EDIT: took off an excerpt for "selecting variables" that was pointless here, and corrected group variable names.

2 Answers2

2

The variables used in your code and data do not match but in general you can use :

library(dplyr)
  
df %>% 
  select(var1:var10)  %>%  
  group_by(var1, var2) %>% 
  summarise(across(.fns = list(min=~min(., na.rm = TRUE), 
                               Q1=~quantile(., probs = 0.25),
                               median=median(., na.rm = TRUE), 
                               Q3=~quantile(., probs = 0.75),
                               max=~max(., na.rm = TRUE))))
Ronak Shah
  • 377,200
  • 20
  • 156
  • 213
  • Oh, sorry, I wrote generic var names but then decided it was better to have a real sample of my dataset.

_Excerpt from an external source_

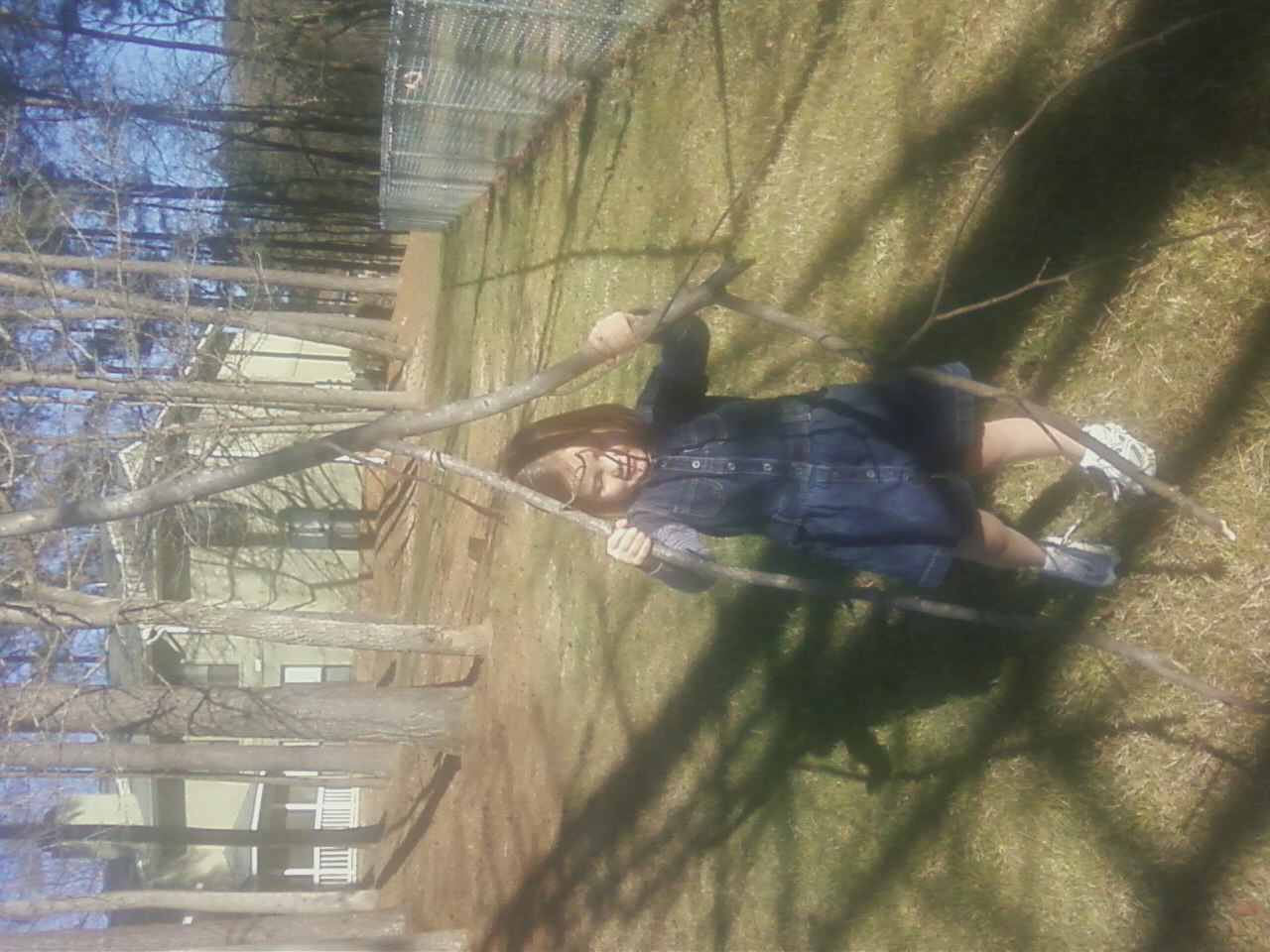 And two more fun pics from my phone: Sophia showing me that she could lift this giant branch,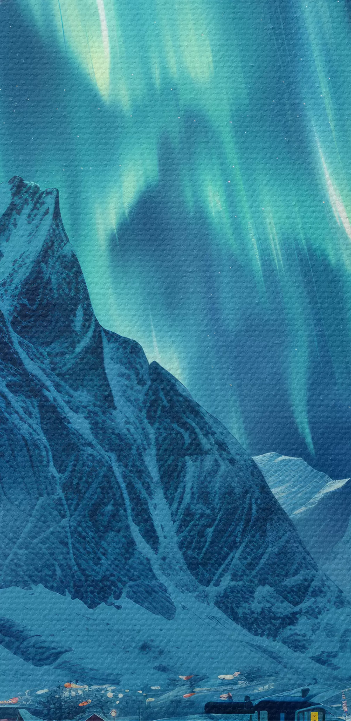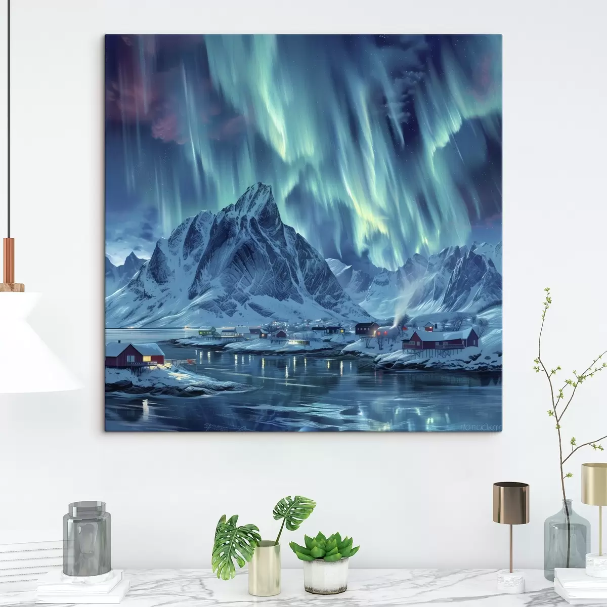 Pictură pe pânză Lumini nordice magice, sat de iarnă în Norvegia Nr s40301

Forgot to change the names. I will edit this right now – Guilherme Pires Arbache May 02 '21 at 16:51
  • @GuilhermePiresArbache btw, `summarise_all` has been deprecated and it is now recommended to use `across`, hence I used that in my answer. You can achieve the same result with `summarise_all`. – Ronak Shah May 03 '21 at 00:16
1

Inclusion of dataset in your question was very helpful. The na.rm = TRUE needs to go in the quantile function.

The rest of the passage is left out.